Cpt Scarlet[Moderator - Cartier - WristScan]
38734
Team McLaren …
Hello dear Art and friends !
I hope everyone is enjoying the weekend.
McLaren opened up the perfect opportunity for James Hunt and the team in 1976 when a deal was finalised to partner Jochen Mass for the 1976 season.
James and McLaren made a formidable partnership and stamped his authority on the team by outqualifying Mass for his first Grand Prix, the Brazilian race at Interlagos. But James and McLaren were never very far from controversy; after winning the Spanish GP at Jarama, he was disqualified when his M23 was deemed to have infringed the dimensional regulations – new rear wheels had made the car 1.8cm too wide. McLaren appealed and the victory was reinstated, but it seemed to be a nerve-wracking case of swings and roundabouts as the season unfolded, with James being disqualified from the British GP at Brands Hatch after what proved to be an illegal restart following a first-lap collision.

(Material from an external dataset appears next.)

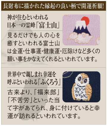 京都の熟練職人が、上質な金襴糸で吉祥な図案をあしらった2つの長財布のご紹介です。一つは、世界文化遺産に登録された名峰・富士山に日の出の太陽が描かれたおめでたい財布です。富士山は、古来より神が住む日本最高峰の霊峰として多くの人に尊ばれ、夢に見ると大変縁起の良い山として知られています。そしてもう一つは、吉祥な動物として日本はもとより世界中で親しまれているふくろうをあしらったかわいらしい財布です。ふくろうは夜行性で夜目が利くことから“世間に明るい”という意味や、“福来郎”や“不苦労”といった当て字があてられ、海外では金運上昇を願うシンボルとしても親しまれています。今回は、その2つの図案が描かれた財布の逸品を、開運祈願の気持ちも込めた2個組でご提供いたします

The circumstances were controversial but this time he stayed disqualified ! James’s season thereafter settled down to a slog with his arch-rival Niki Lauda, a close and genuine friend whom James respected unreservedly. Although James’s own title hopes received a boost after Niki suffered serious burns when he crashed his Ferrari during the German GP at the Nurburgring,
Hunt knew enough about his rival’s determination not to rely on any short-term points advantage. Only a few weeks later Lauda would be back behind the wheel and picking up the threads of his title defence.Confirmation of James’s Brands Hatch disqualification meant that he had to overcome a deficit of 17 points over the last three races of the season if he was going to have a hope of securing the crown. James rose to the challenge in brilliant style, adding wins in Canada and the USA to his personal tally, and then storming home to a championship-clinching third in the inaugural Japanese GP at Fuji, the race in which Niki pulled out after two tentative laps, declaring the torrential conditions impossible.
In 1977 James again drove well for McLaren but the team’s new M26 was, by common consensus, not as driver-friendly as the M23 which had carried James to his ’76 success.